While the world was preoccupied with an ever increasing number of coronavirus cases last week, a hugely significant scientific report was allowed to pass largely under-reported and unremarked.
This was the study of the 2020 Siberian heatwave by World Weather Attribution, a group of scientists who have been monitoring extreme weather events for years.
The heatwave had contributed to raising the world's average temperature to the second highest on record for the period from January to May this year.
WWA said Siberia had experienced "unusually high temperatures", including a record-breaking 38 degrees celsius in the town of Verkhoyansk on June 20, causing wide-scale impacts including "wildfires, loss of permafrost, and invasion of pests".
While all of this, and reports food supplies are being affected with fish swimming deeper in search of cooler water, is alarming, the real cause for concern is the finding the prolonged heatwave had been made "600 times more likely as a result of human-induced climate change".

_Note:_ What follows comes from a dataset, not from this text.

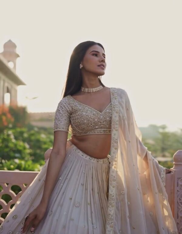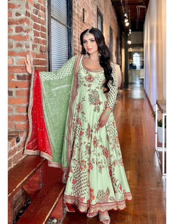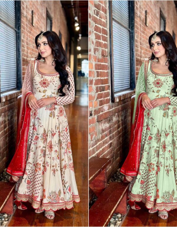 Absolutely stunning outfit! The Chinon silk feels so luxurious and the embroidery is intricate. Perfect for festive occasions.

The scientists said if the heat wave, the result of a strong jet stream moving warm air over the region, had occurred in 1900 instead of 2020, temperatures would have been at least two degrees celsius lower.
While it is a given that the climate deniers will dismiss the report as "bunkum" and "fake news", those who actually know what they are talking about have no such doubts.
Michael Wehner, a senior scientist at Lawrence Berkeley National Laboratory, said the methodology was "state of the art" and that the findings were, if anything, "conservative". Given this report comes on top of linkages between Australia's spring and summer bushfires and man-made global heating, it is yet another argument for this country to do much more to reduce to carbon dioxide emissions.
While the federal government has done a commendable job in seeking the best possible expert advice on the coronavirus and then following it, it has yet to do the same with climate and energy policy. That has to change. Coronavirus is a crisis, climate change is an existential threat.